Iran's Structural Leverage Is the Strait, Not the Bomb
The Polymarket markets on Iran's ability to charge Hormuz fees reflect a deeper strategic truth: the strait's value to global energy markets dwarfs the diplomatic value of a nuclear deal. Iran knows this. Even a partial sanctions relief package, paired with a ceasefire that keeps Hormuz open, gives Tehran far more than a JCPOA-style architecture ever could — because it leaves the underlying leverage intact. The reported deal framework, as described by Polymarket-sourced reporting on May 23, envisions Iran clearing mines during a 60-day ceasefire extension. That is a temporary normalisation, not a structural change in regional military posture.

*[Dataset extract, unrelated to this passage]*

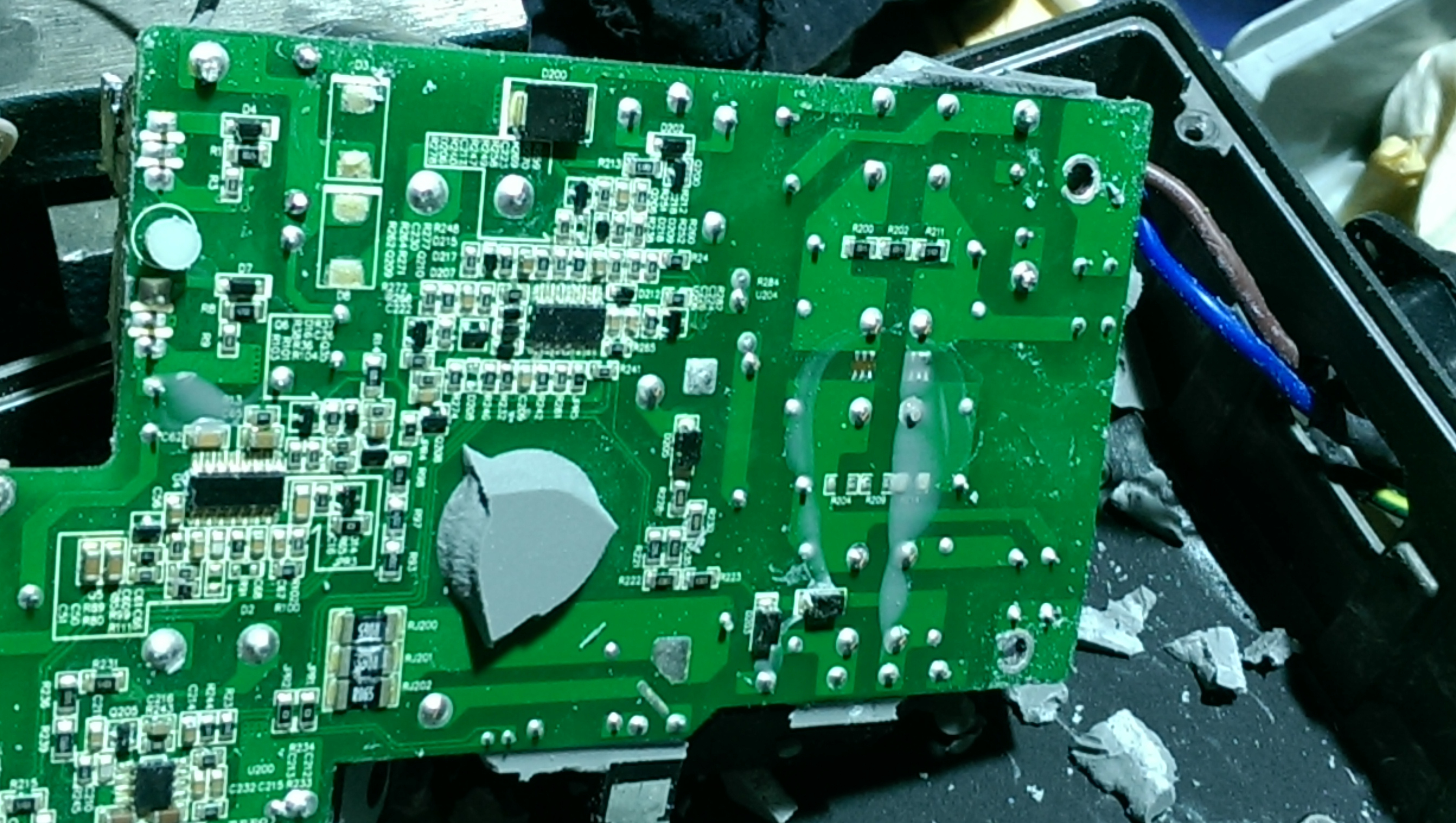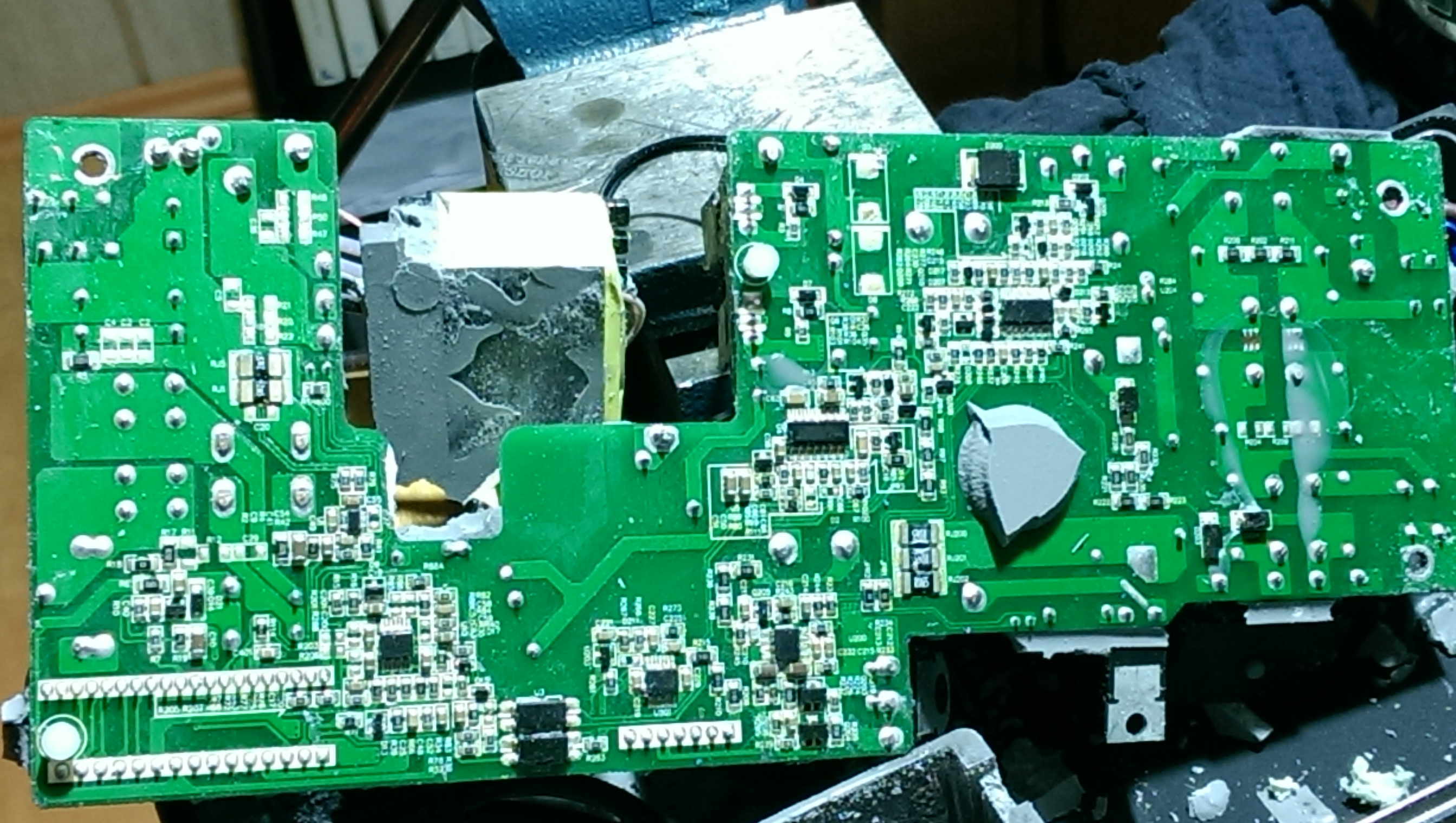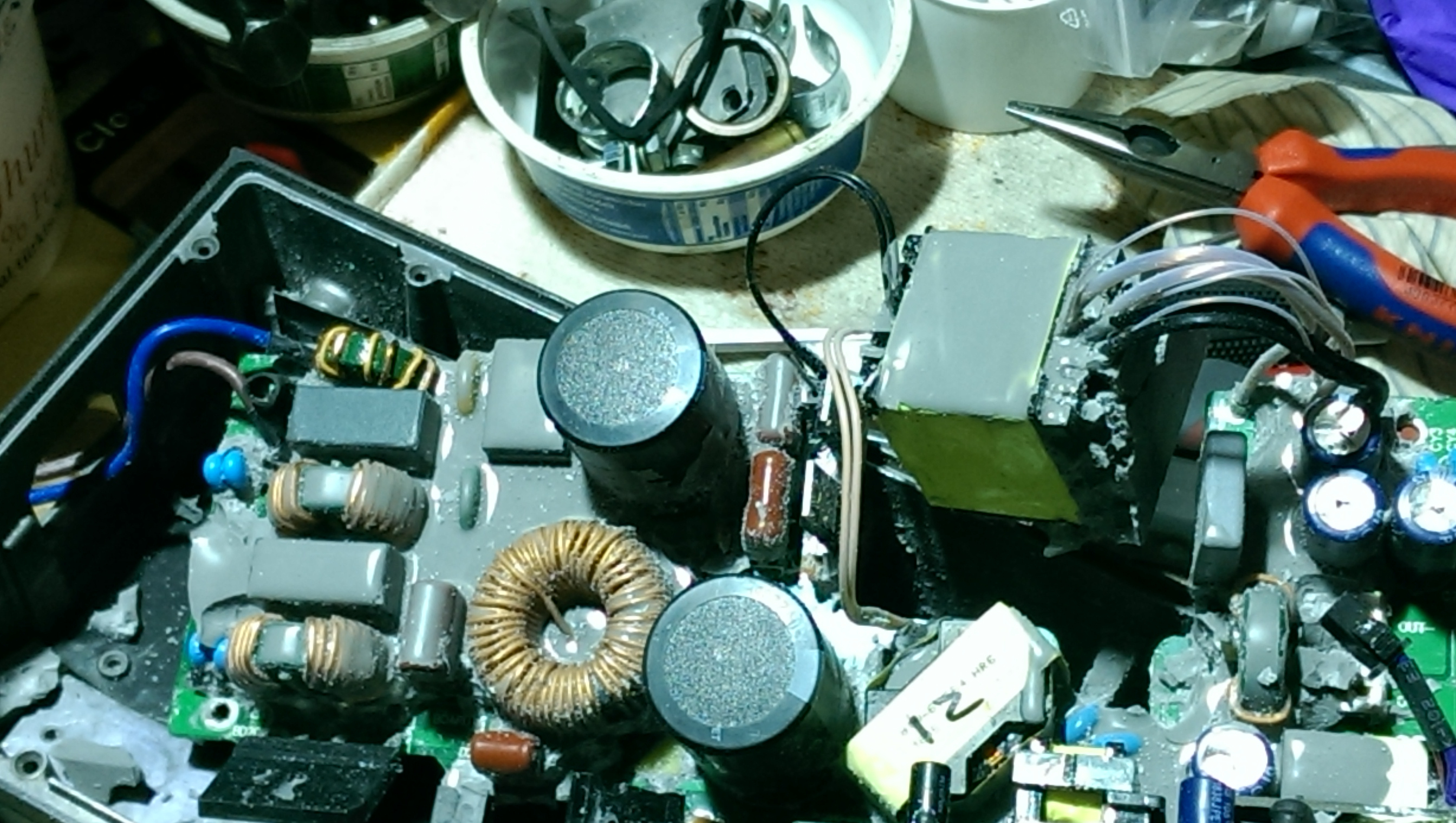 Es gibt noch einen weiteren "Verdächtigen", der Halbleiter, der per Klammer am dicken Transformator angeklemmt ist
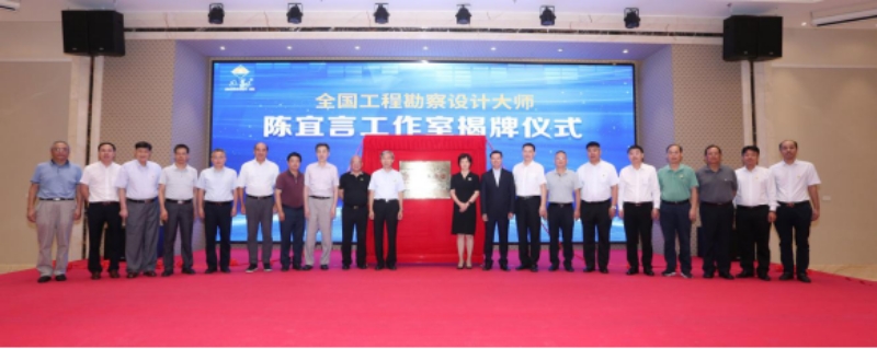 儀式講話后,主持人邀請饒紅蕾主任、王用中大師以及陳宜言大師、林強有董事長等20位領導、嘉賓上臺,為工勘集團“全國工程勘察設計大師陳宜言工作室”揭牌。儀式結束后,與會嘉賓還參觀了工勘集團展廳和陳宜言大師工作室。

The 10 percent and 5 percent odds on Trump permitting Iran to charge Hormuz fees — depending on the timeframe — suggest the market assigns low probability to a genuine quid pro quo on the strait's governance. But those odds also illustrate how narrow the path is: either the deal restructures Hormuz governance (unlikely), or it leaves Iran's natural leverage over Gulf energy flows entirely intact while extracting sanctions relief. Tehran is not seeking a deal. It is seeking relief.
Why Washington Needs the Announcement More Than the Agreement
There is a political economy to this choreography. The Trump administration faces domestic pressure to demonstrate diplomatic results — a ceasefire in the Gulf, a framework on Iran, a headline that can be contrasted with the previous administration's JCPOA. Israel faces no equivalent pressure; its security establishment has held the same position on Iran for fifteen years, and Netanyahu has institutional incentives to resist any framework his base reads as concession. The asymmetry means the parties most invested in announcing a deal are also the parties with the least structural incentive to enforce one.
A 60-day ceasefire extension, with mines cleared and Hormuz reopened temporarily, satisfies the minimum viable announcement threshold. It does not resolve the enrichment question. It does not address the stockpiles. It does not touch Iran's regional missile programme. What it does is buy time — for Iran to consolidate its nuclear knowledge, for Washington to claim diplomatic credit, and for Israel to prepare the alternative.
What the Market Is Actually Pricing
The 34 percent figure is not a prediction. It is a risk-weighted assessment of announcement probability versus structural collapse. The deal can be announced. It probably cannot hold — not because diplomacy fails, but because the core incompatibilities between the parties were never resolved. Tehran wants sanctions relief without submitting to a verification regime that eliminates its enrichment option. Jerusalem wants Iran's nuclear programme eliminated, not managed. Washington, for now, wants both.
The stakes extend beyond the nuclear file. A framework that leaves Iran's regional posture — its support for proxy networks, its ballistic missile arsenal, its strategic depth in the Gulf — intact while extracting sanctions relief would represent the most significant shift in Gulf security architecture since the JCPOA's signing in 2015. Saudi Arabia, the UAE, and Israel would need to recalculate their own deterrent postures accordingly. The question is not whether a deal will be announced. It is whether what follows the announcement survives contact with the parties who actually determine the region's security reality.
The market gives it 34 percent. The structural logic gives it less.
This publication framed the Hormuz ceasefire proposal as a normalisation mechanism with significant enforcement gaps, rather than as a diplomatic breakthrough — a reading consistent with the gap between announcement prospects and durable resolution odds in the sourced material.